Now row operations are isomorphisms of $\Bbb{Z}^3$, so we can freely row reduce this matrix and preserve the image of $A\Bbb{Z}^3$ as a subset of $\newcommand\ZZ{\Bbb{Z}}\ZZ^4$. I.e. applying row operations to a matrix $A$ that presents $\ZZ^4/A\ZZ^3$ to get a matrix $A'$ means that $A'$ also presents $\ZZ^4/A\ZZ^3$.

Subtracting the first row from the others to make the other entries of the first column zero, we have $$A'=\bmat 1 & 1 & 1 \\ 0 & 2 & 0 \\ 0 & 0 & 4 \\ 0 & 4 & -4 \emat.$$ Then subtracting twice the second row and adding the third row to the fourth row, we get $$A''=\bmat 1 & 1 & 1 \\ 0 & 2 & 0 \\ 0 & 0 & 4 \\ 0 & 0 & 0 \emat.$$ Thus $$v_4=\bmat 0 \\ 0 \\ 0 \\ 1 \emat$$ is never in the image of $A$, even over $\Bbb{Q}$, hence $v_4$ has infinite order in the cokernel.
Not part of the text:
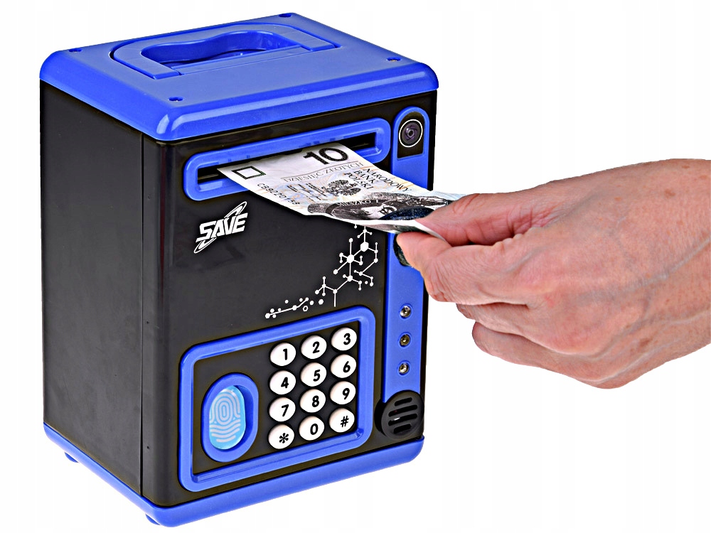 - Automatyczne wciąganie banknotów – wystarczy wsunąć banknot do slotu, a sejf sam go pobierze, czemu towarzyszy wesoła melodia.

Finally, if we don't care about the coordinates on $\ZZ^4$, column operations on $A''$ correspond to applying automorphisms of $\ZZ^4$, and hence preserve the isomorphism class of $\ZZ^4/A''\ZZ^3$. However, if we subtract the first column from the second and third, we get $$A''' = \bmat 1 & 0 & 0 \\ 0 & 2 & 0 \\ 0 & 0 & 4 \\ 0 & 0 & 0 \emat.$$

Then since $A'''$ is diagonal, $\ZZ^4/A'''\ZZ^3$ splits as a direct sum, $$\ZZ/\ZZ \oplus \ZZ/2\ZZ \oplus \ZZ/4\ZZ\oplus \ZZ/(0),$$ so the torsion subgroup of $\ZZ^4/A\ZZ^3$ has size 8.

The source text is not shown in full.